As I have mentioned ad nauseam, Instagram is really becoming my social network of choice. I'm increasingly unhappy with Facebook as both a personal social medium and a business one. Facebook doesn't want to show you my posts unless there's a lot of engagement on them, and they seem to actively suppress posts that they then want me to "boost" by giving them money. I'm not entirely opposed to that, but they keep telling me I have offensive content and though they take my money anyway, my "boost" doesn't reach very far because they're making some sort of super-safe guesses as to who can safely view my extremely incendiary prose. Fucking cockwankers.

Instagram, owned now by the algorithm-happy folks at Facebook, has historically been a little more straightforward (though even that is changing). And I just like the simplicity of it. Just photographs and comments. No links. (I could go into a long treatise here about why the links on Facebook are detrimental to everyone's well-being, but I'll refrain. We've all been through enough this week.) In fact, Instagram is where I discovered swapping and the joys of mini quilts.
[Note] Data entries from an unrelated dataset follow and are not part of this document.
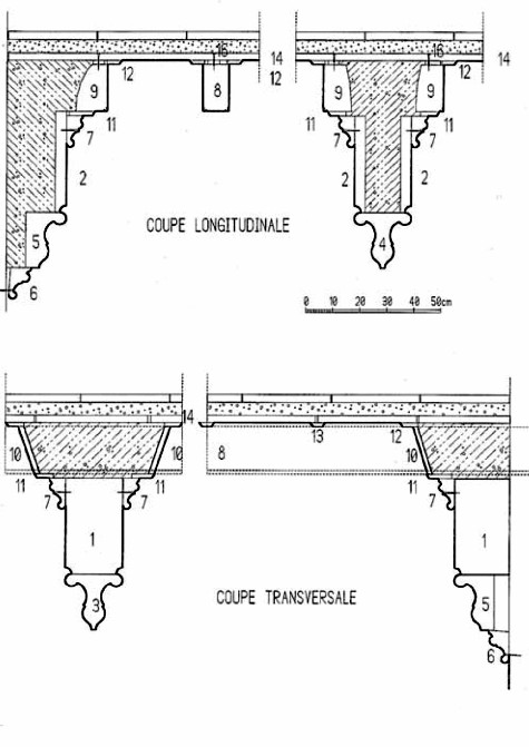 Les profils des moulures hautes et basses sont très voisins. Leur description fait appel aux mêmes mots, seules des variations légères de dimension les différencient. Ces profils sont employés sur environ 100 mètres. Ils peuvent être décrits ainsi :: une baguette à profil outrepassé sur laquelle naît une gorge à profil segmentaire de diamètre deux fois et demi supérieur suivi d ‘un filet vertical pour l’un, très oblique pour l’autre, puis d’une nouvelle baguette à profil segmentaire de même diamètre que la baguette basse pour l’un, de diamètre supérieur pour l’autre enfin un cavet du diamètre de la baguette basse suivi d’un filet oblique de hauteur voisine du premier. On note que l’angle supérieur arrière de la moulure basse est légèrement obtus pour faciliter des rattrapages dimensionnels lors de la mise en œuvre.
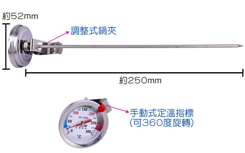 產品品號:K725D 0°C~300°C 加長型多用途不鏽鋼溫度計。 調整式鍋夾設計。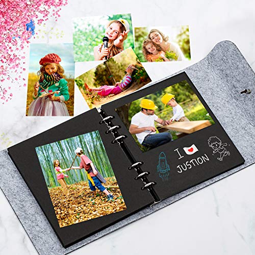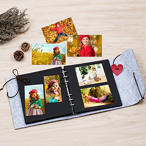 Leenou Fotoalbum om zelf vorm te geven, vilt, scrapbook, zwarte pagina’s, fotoboek om in te plakken, fotoalbums, Valentijnsdag, verjaardag, trouwdag, vrouwen, grijs, vilten producten (19,5 x 18 cm)

But like everything that involves people, we can't have nice things. Not for long anyway. I found that some people were being pushed out of swaps because their skills were not as good as many of the other people swapping, and that's where I had to draw a line. But then I also realized that what I really liked about swapping was not so much getting something but being creative within a set of rules set up by someone else. Like, for instance, a Disney-themed swap and the recipient really likes appliqué, Alison Glass fabrics, and the color teal.  I like having a set of constraints like that and then seeing what I can do within them to make it fun and challenging for me. I just didn't want to do it from swapping anymore.

So I came up with an idea I decided to call Mini Quilt Madness. On Instagram, i posted a series of choices, and went with the majority vote. Rather than work in a color scheme, I decided to use one collection, but gave people a choice to vote from four:


The overwhelming choice was for Sherlock down there on the bottom left (Raindrop by Rashida Coleman-Hale). Then I asked if I should do patchwork, appliqué, or paper piecing and everybody wanted paper piecing, so I gave them several choices and the majority went with Up and Away by Whole Circle Studio.
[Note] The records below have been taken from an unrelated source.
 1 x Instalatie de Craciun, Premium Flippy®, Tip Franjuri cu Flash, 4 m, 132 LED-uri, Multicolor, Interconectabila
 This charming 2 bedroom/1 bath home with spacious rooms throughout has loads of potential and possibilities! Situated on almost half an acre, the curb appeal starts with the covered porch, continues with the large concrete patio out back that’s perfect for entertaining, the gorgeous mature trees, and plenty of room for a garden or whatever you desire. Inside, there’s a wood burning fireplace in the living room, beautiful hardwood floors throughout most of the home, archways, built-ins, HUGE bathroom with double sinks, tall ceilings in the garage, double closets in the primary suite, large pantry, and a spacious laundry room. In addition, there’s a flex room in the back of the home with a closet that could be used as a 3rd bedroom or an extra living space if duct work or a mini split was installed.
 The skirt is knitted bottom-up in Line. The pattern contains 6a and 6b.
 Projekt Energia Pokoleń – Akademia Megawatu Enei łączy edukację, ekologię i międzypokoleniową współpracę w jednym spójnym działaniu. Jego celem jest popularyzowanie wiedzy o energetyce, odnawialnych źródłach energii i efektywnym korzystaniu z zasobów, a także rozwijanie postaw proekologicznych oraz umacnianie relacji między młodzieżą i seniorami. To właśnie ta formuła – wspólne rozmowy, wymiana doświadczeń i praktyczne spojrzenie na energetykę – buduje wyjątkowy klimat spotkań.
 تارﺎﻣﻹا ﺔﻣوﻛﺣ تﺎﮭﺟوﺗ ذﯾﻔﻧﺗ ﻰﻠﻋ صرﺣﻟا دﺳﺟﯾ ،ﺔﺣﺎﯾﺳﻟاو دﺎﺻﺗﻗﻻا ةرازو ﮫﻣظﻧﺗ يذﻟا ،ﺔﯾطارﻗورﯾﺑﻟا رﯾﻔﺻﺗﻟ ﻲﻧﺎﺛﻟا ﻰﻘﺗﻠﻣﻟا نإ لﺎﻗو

Now that I had my parameters, I set to work and posted update photos each day.


But I really felt something, or someone, needed to be riding in that balloon. Something that would really make this little quilt feel like mine.

So, naturally I added an octopus.


By the time all was said and done, I had done paper piecing, appliqué, trapunto, embroidery, free motion quilting, and hand quilting. I freaking loved it.



And then I gave it away.

Yep. Every time a person participated in one of the choices I offered, their name went in a hat, and when it was all done I chose one and sent the quilt to her. Now there's a lovely lady in Montana who has this hanging in her office, and I couldn't be happier.

I love making things. I love stretching my creative muscle just a bit farther each time I make something. I don't need to keep everything I make.

But apparently I do need to put an octopus on it.